Starting off a new year was much more difficult than I had anticipated. I really struggled with leaving 2011 behind. I felt like I was leaving Matt behind. It hurt so terribly thinking about a new year. And, of course, the whole world (or so it seemed) was only too happy, almost giddy, in fact, to bring in a new one. I wasn't happy, and I wasn't looking forward to a new one.
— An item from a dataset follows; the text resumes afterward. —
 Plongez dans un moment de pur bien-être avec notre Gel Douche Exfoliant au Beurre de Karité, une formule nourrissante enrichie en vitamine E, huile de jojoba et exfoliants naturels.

Dh and I kept going back and forth about our plans for New Year's Eve, too. Our family has traditionally hosted a New Year's Eve party at our house. This year, obviously, we weren't up to it. However, we didn't want to disappoint the rest of the kids, so we switched it up and ended up having a New Year's Eve Game Night at church. It was fun, though, to be sure, there were moments of grief. My heart hurt terribly when I saw Matt's best friends together, going off without him to play his favorite game, Halo. I certainly don't begrudge them their friendship or fun. It just hurts. It is what it is. *sigh* I am trying to remind myself in moments like those that Matt IS alive. He is alive in heaven. The hope of eternity for myself and trusting in God's character are what hold me firm.
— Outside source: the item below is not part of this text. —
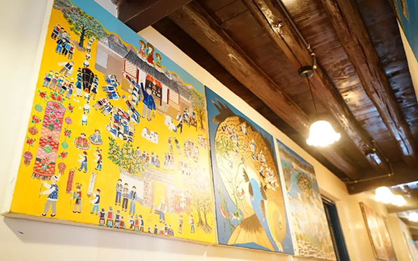 如今,艺术双廊吸引着越来越多人来访,地处伙山村的画社作为其中的重要部分,衍生出“鸡窝咖啡馆”“双廊白族老奶奶”“农民画社”等IP,慕名而来的游客带动周边农家乐、土特产销售增长。“我们去过上海、深圳这些地方办画展,感谢沈老师他们,让我们能走出去,到这么多地方。”在奶奶们走出家乡看世界的同时,也让世界看见了大理乡村的诗意与力量。

It was a fun evening of games with a good turnout. The weather got a tad crazy even, and we ended up with a bit of everything; rain, thunder, lightening, and snow! The kids had a blast, however, throwing snowballs and then vowing to go back outside at exactly midnight, which they did.
We also took a difficult step and had our pictures taken. Dh and I couldn't bear to do a whole family photo, but we did individual pictures of the children as well as individual poses with each parent. We made it through and we got the proofs today. They turned out excellent, and I now know why we paid through the nose for them! :)
It's been a very emotional few days, but God has reminded me of many things. He continues to comfort us and speak His truths in our hearts. I am surviving...and trusting God to give me strength for the days (and year) to come.